What is required:
Images are not wanted; transcribe the rest of the listing exactly.

Dataset excerpt:
....
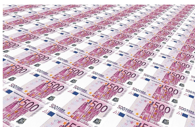
Rahat eivät riitä. Hyvinvointialueen aikaisempien vuosien alijäämän kattaminen laissa vaaditussa ajassa, eli vuoden 2026 loppuun mennessä, vaarantaisi lakisääteisten ja perusoikeuksien mukaisten palvelujen järjestämisen sekä väestön terveyden edistämisen.

Kuusiolinna Terveyden toimintojen siirtyminen hyvinvointialueen omaksi toiminnaksi vaikuttaa talousarvion toteutumiseen: henkilöstöku-
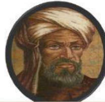
Muhammad Ibnu Musa Al Khwarizmi
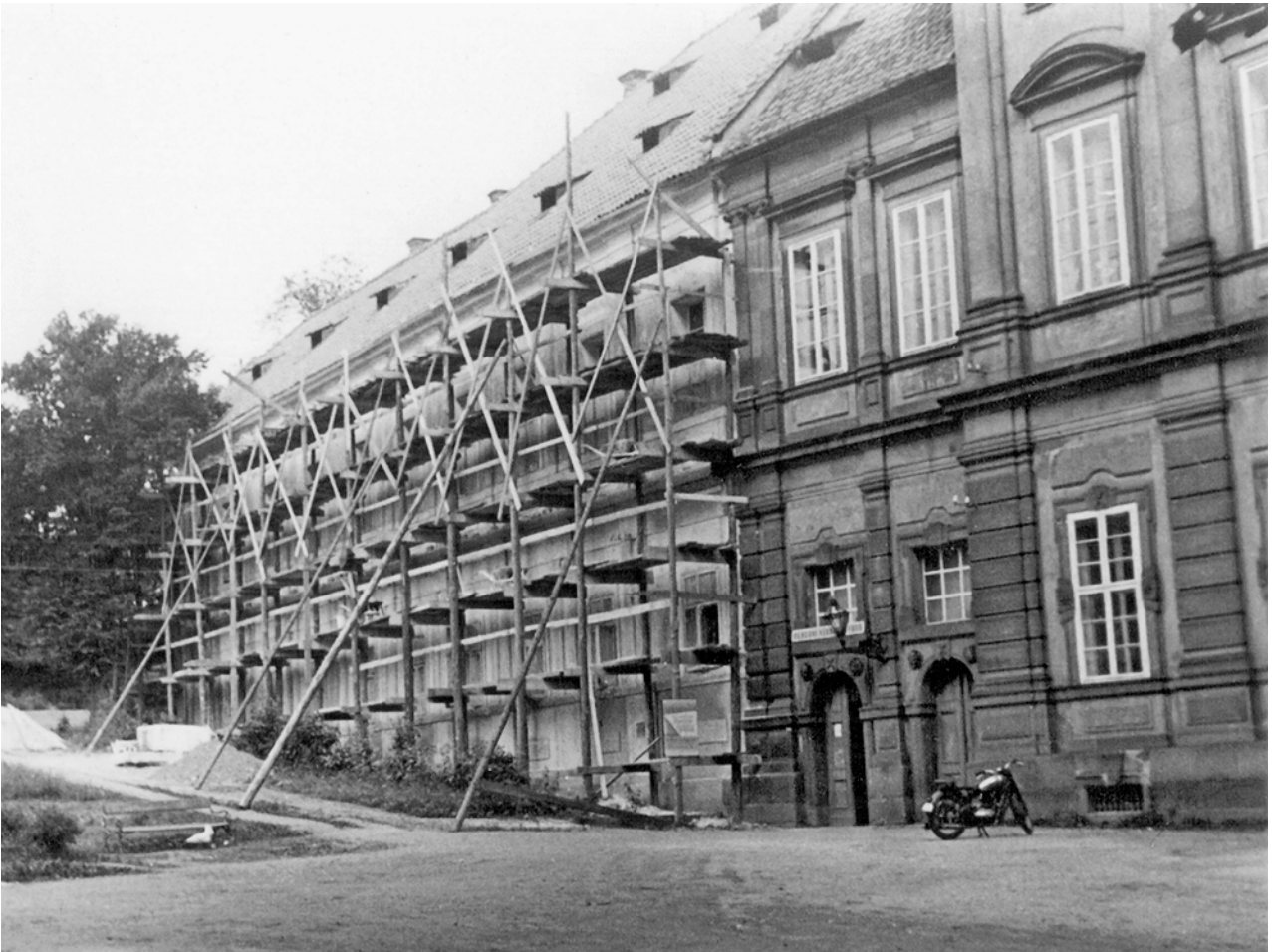
Obr. 4. Plasy, klášter. Oprava západní fasády starého opatství. (Archiv autora, foto b. a., 1956)
....
Task result:
Rahat eivät riitä. Hyvinvointialueen aikaisempien vuosien alijäämän kattaminen laissa vaaditussa ajassa, eli vuoden 2026 loppuun mennessä, vaarantaisi lakisääteisten ja perusoikeuksien mukaisten palvelujen järjestämisen sekä väestön terveyden edistämisen.

Kuusiolinna Terveyden toimintojen siirtyminen hyvinvointialueen omaksi toiminnaksi vaikuttaa talousarvion toteutumiseen: henkilöstöku-
Muhammad Ibnu Musa Al Khwarizmi
Obr. 4. Plasy, klášter. Oprava západní fasády starého opatství. (Archiv autora, foto b. a., 1956)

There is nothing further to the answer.